TABLE 5. Comparison of cumulative operating cost.

To further illustrate the performance of the proposed DDPG approach in reducing the operating cost of the MG system, Figure 13 presents the daily operating cost curves for the abovementioned strategies for 30 consecutive days. It can be seen from the figure that the daily running cost obtained by the DDPG policy (grey line with dots) outperforms the DQN, SAC, and MPC policies on almost all days. Compared to the PPO policy, the DDPG policy has a higher cost on some run days (marked by red circles), but according to the curves of cumulative operating cost presented in Figure 12, the DDPG policy still has lower cumulative operating cost than the PPO policy over a long period of time. The similar trend in the variation of daily running costs for several DRL strategies is attributed to the fact that we set up the same policy network structure. Furthermore, comparison of the daily operating cost curves of the DDPG policy and optimal strategies shows that the proposed DDPG policy is comparable to the optimal strategy. Based on the analysis, we can conclude that the proposed DDPG method has been proven to have a good performance in solving the real-time energy management problem of MGs.

FIGURE 13

FIGURE 13. Daily operating cost over 30 consecutive days obtained by the proposed approach and the comparison methods: (A) Daily operating cost in the test set for June; (B) daily operating cost in the test set for November.

Furthermore, we calculate the error in the daily operating cost of the DRL methods and the theoretically optimal policy, and the expressed cost error $E^C$ is

${\mathit{E}}^{\mathit{C}}=\left({\mathit{C}}_{\mathit{d}}^{\mathit{D}\mathit{R}\mathit{L}}-{\mathit{C}}_{\mathit{d}}^{\mathit{O}\mathit{p}\mathit{t}}\right)/{\mathit{C}}_{\mathit{d}}^{\mathit{O}\mathit{p}\mathit{t}}\times \mathbf{100}\%,$

where $C_d^{DRL}$ denotes the operating cost of the DRL method on day d and $C_d^{Opt}$ denotes the operating cost of the optimal policy (MINLP) on day d. The results of the calculations are given in the form of a box plot in Figure 14. The results given in Figure 14 show that the proposed DDPG approach has the lowest daily operating cost error but is slightly less computationally stable than PPO.

FIGURE 14

FIGURE 14. Daily operating cost error of the four DRL approaches with the optimal policy.

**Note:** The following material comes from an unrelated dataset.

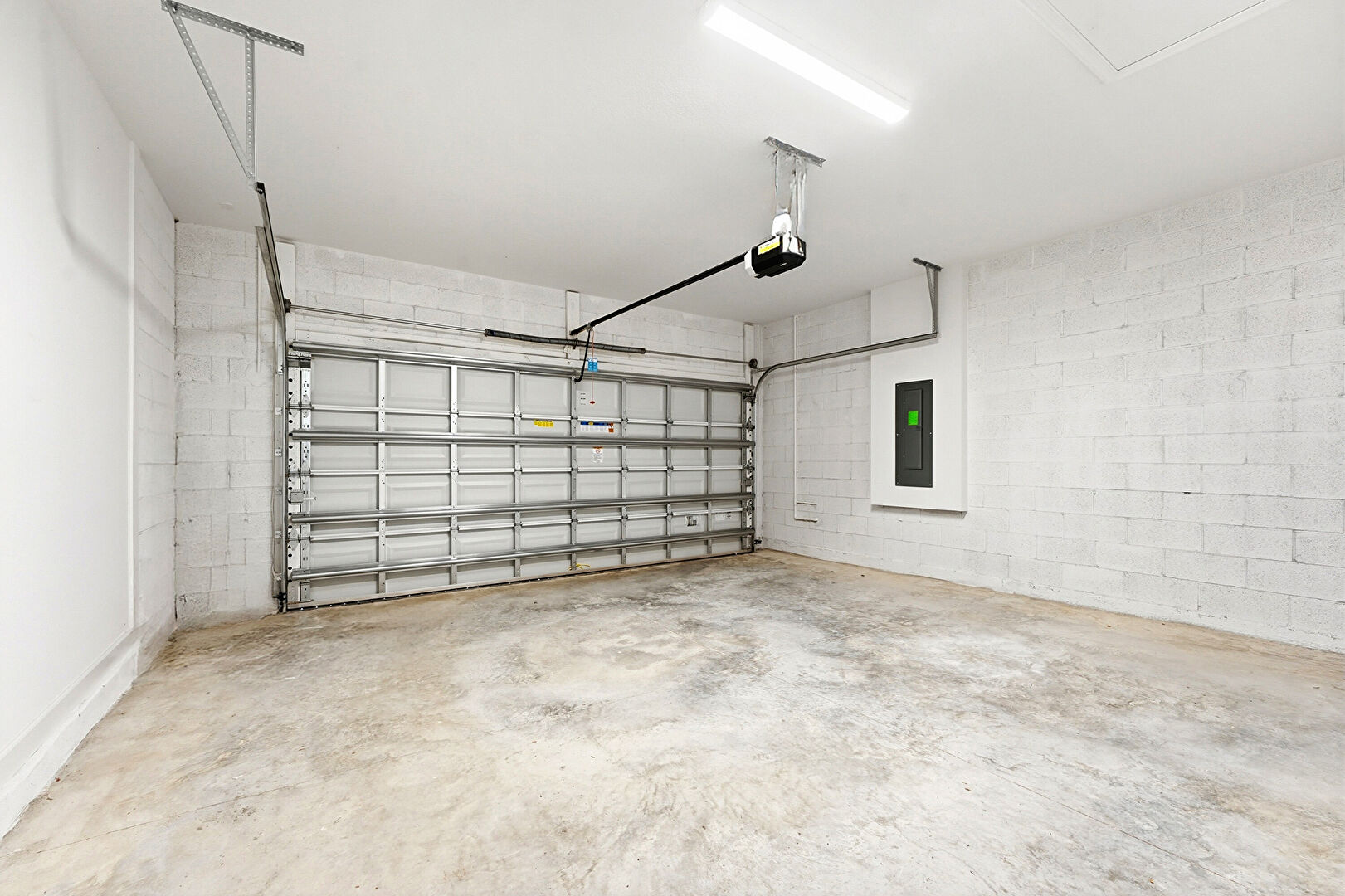 Concrete Block Wall, Drywall, Electric Panel, Garage Door Opener, Garage

Figure 15 shows the results of the scheduling operation for three consecutive days. The scheduling results of the controllable units in the system are shown in Figure 15A, and the charging process of the ESS is presented in Figure 15B. The results of scheduling of the controllable units in the system are presented in Figure 15A, and the scheduled results of the ESS and the change of the SOC are shown in Figure 15B. As shown in Figure 15A, the MG will purchase a small amount of power from the main grid to meet the load demand during high-electricity price hours or sell power to the main grid to make a profit. As shown in Figure 15B, the ESS is discharged according to the power storage when the electricity price is high and is charged when the electricity price is low. It is indicated that the ESS can be effectively managed by the proposed approach in stochastic scenarios, and by adjusting the charging and discharging process of the ESS, the buffer effect of the ESS can be fully employed to reduce the operating cost of the system.

FIGURE 15

FIGURE 15. Scheduling results of the MG over three consecutive days in the test set: (A) Generation schedules of DGs, ESSs, and the main grid; (B) scheduled charging or discharging power and SOC of the ESS.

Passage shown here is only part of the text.